Luna Park

Phil Thompson

ISSUE NO. 3 • GOOD-BYE TO ALL THAT

I’m saying goodbye to a part of my life and a place. I will probably have to say goodbye to other parts of my life and other places in the future but I really don’t want to.

I enjoyed shopping and sought out ways to prolong my time in the supermarket. I think it was the anonymity. And the purposefulness. I stalked through the dimly lit shelves of alcohol and selected a six-pack: something dark today, something called Luna Park from Byzantium Brewery in Anna Cortes, I’d never heard of it. The packaging depicted a stylized crescent moon between the tips of dark pine trees, faintly lit by a glowing lantern at the bottom of the case. That was first in the cart. Then several boules of sourdough, a jar of green olives, a block of gouda, spicy mustard, red peppers, Guinness-battered brats, coffee concentrate (I liked the shape of the bottle), a Jamaican rub, chicken breasts, pre-cooked garlic bread, eight ounces of tri-tip, pears, potatoes. And in the miscellaneous aisles, birthday candles. All for me. Except for the candles. But you never know.

As I was checking out, I noticed a woman in the line in front of me. Middle-aged, wearing athletic pants and a pastel yellow fleece sweater. She was really nice to the tired-looking man at the register. Judging by the amount in her cart, she was shopping for a family. A movie was playing on cable that night that I wanted to watch, but I didn’t have any other errands and I didn’t want to go home, because I knew I would succumb to one of those depressing early-evening naps, so I waited until she pulled out of the parking lot and followed her. I liked to see where the families lived.

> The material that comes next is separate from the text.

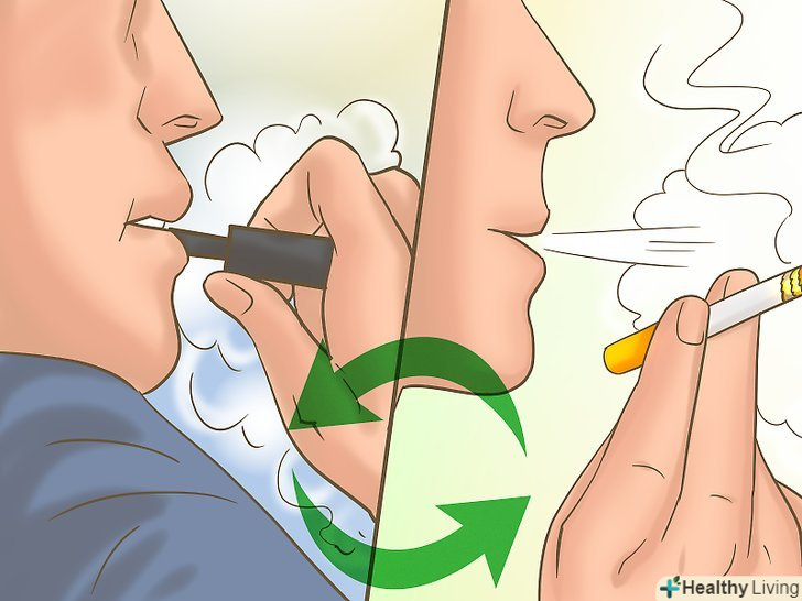 Придбайте набір для електронної сигарети.якщо ви ніколи раніше не користувалися електронними сигаретами, краще почати зі стандартного набору для початківців, який можна придбати в спеціалізованому магазині або через Інтернет. Багато не дуже завзяті курці воліють більш економічні багаторазові, а не одноразові сигарети.[4]- Набір для початківців включає в себе акумуляторну батарею, зарядний пристрій і картридж з курильною рідиною. Випускається багато видів курильної рідини, що розрізняються по аромату і вмісту нікотину. Якщо ви намагаєтеся кинути палити, вам підійде рідина з низьким вмістом нікотину і приємним ароматом, що компенсує недолік нікотину. Ви можете придбати набір з декількома картриджами, що містять рідину з різними ароматами, і вибрати найбільш підходящі вам.

She drove across the bridge into an upscale neighborhood where the street forked into two one-ways separated by a grassy, tree-lined esplanade. I used to know some people who lived in this area, but they had all moved away a long time ago. The light of the sun, dipping below the ridge which we’d driven up, sunk like arrows into the strong brown tree trunks. Its orange tinge turned gold against the drab brick houses of the block, and the windows with the closed curtains flashed like wet eyes. A sliver of frigid moon could be glimpsed between the treetops.

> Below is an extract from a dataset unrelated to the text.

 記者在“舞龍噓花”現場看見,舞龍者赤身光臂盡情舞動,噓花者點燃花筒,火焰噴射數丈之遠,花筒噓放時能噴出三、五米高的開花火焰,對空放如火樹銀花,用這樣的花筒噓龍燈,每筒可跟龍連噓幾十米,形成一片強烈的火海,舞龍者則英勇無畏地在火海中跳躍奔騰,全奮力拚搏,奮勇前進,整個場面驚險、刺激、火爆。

A kid ran in front of my car. I didn’t need to brake – he was far enough down the block, and ran back after retrieving his ball – but I felt a lump form in my throat and I pounded the top of the wheel with my hands and cursed into the roof. I curled around the first break in the median and rattled home. I got home, drank all the beer, and went to sleep before midnight, dreaming of a gigantic purple shape that crushed the city into powder. Woke up to no good news.